▶ [Task prompt]:
Write down the listing again exactly as it appears below, without its pictures.

▶ [Data shown]:
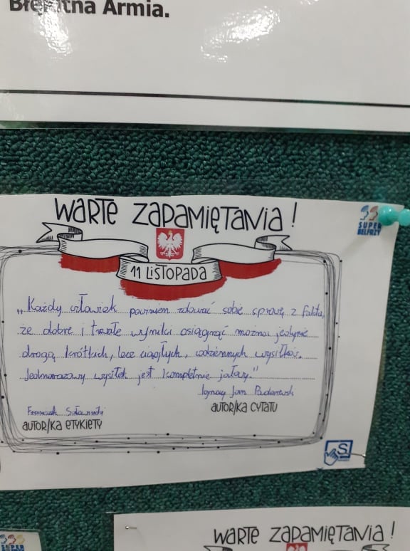 9 listopada 2021 r. uczniowie klas VII i VIII uczestniczyli w spotkaniu historycznym poświęconym odzyskaniu niepodległości, które zostało przeprowadzone przez lokalnego pasjonata historii Marka Krajewskiego.
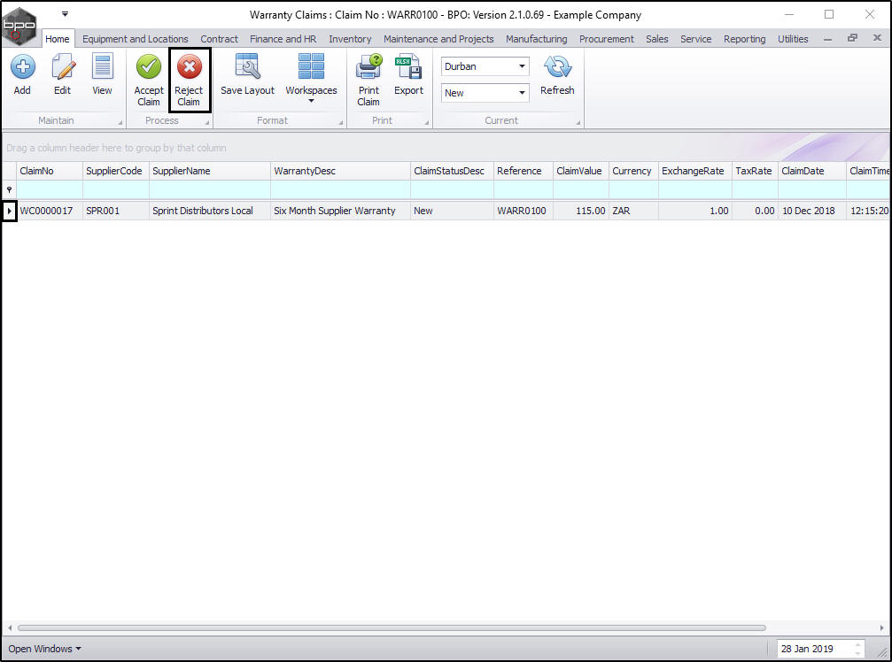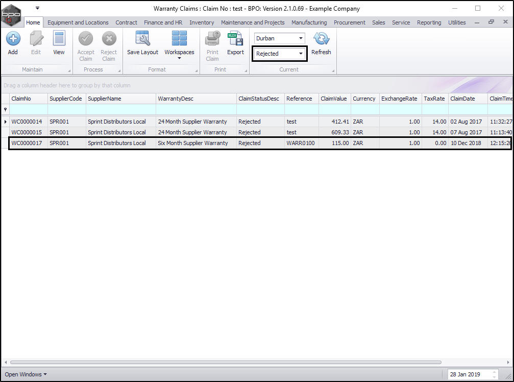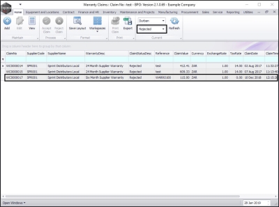 - The claim can now be found in the Warranty Claims: Claim No: [ ] screen where the status is set to Rejected.
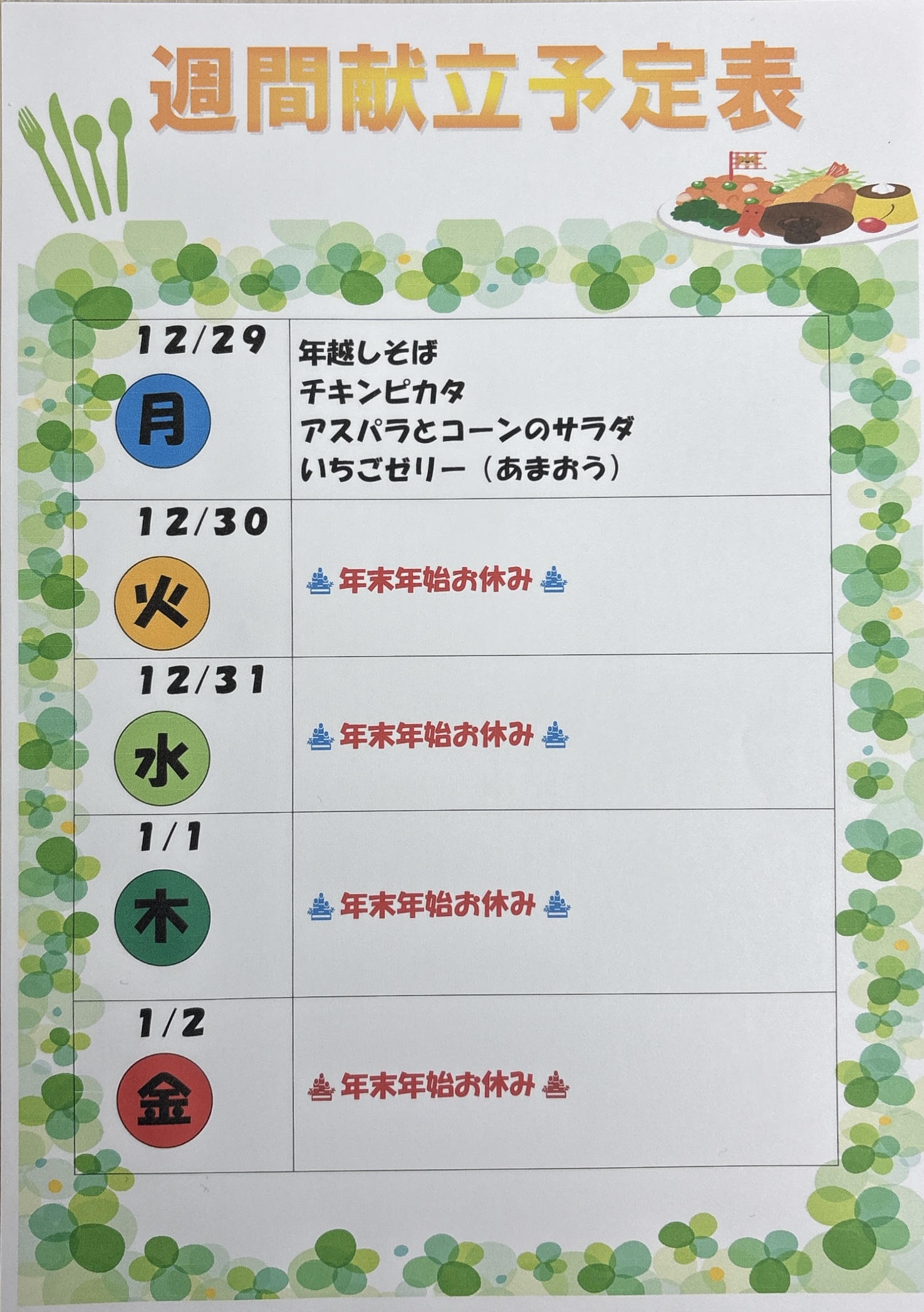 来年もおいしいご飯でみなさんの健康をサポートしてまいりますよ💪
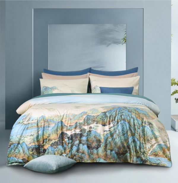 由于《福山赋》本身是一件由19位书画家共同完成的巨大画作,实景细节又特别丰富,色彩繁复,如何合理选取元素应用到床品上,并且元素排布既不能破坏画面的美感,又能体现出画作原本蕴含的美学素养,这对设计师是一个较大的考验。

▶ [Final answer]:
 9 listopada 2021 r. uczniowie klas VII i VIII uczestniczyli w spotkaniu historycznym poświęconym odzyskaniu niepodległości, które zostało przeprowadzone przez lokalnego pasjonata historii Marka Krajewskiego.
 - The claim can now be found in the Warranty Claims: Claim No: [ ] screen where the status is set to Rejected.
 来年もおいしいご飯でみなさんの健康をサポートしてまいりますよ💪
 由于《福山赋》本身是一件由19位书画家共同完成的巨大画作,实景细节又特别丰富,色彩繁复,如何合理选取元素应用到床品上,并且元素排布既不能破坏画面的美感,又能体现出画作原本蕴含的美学素养,这对设计师是一个较大的考验。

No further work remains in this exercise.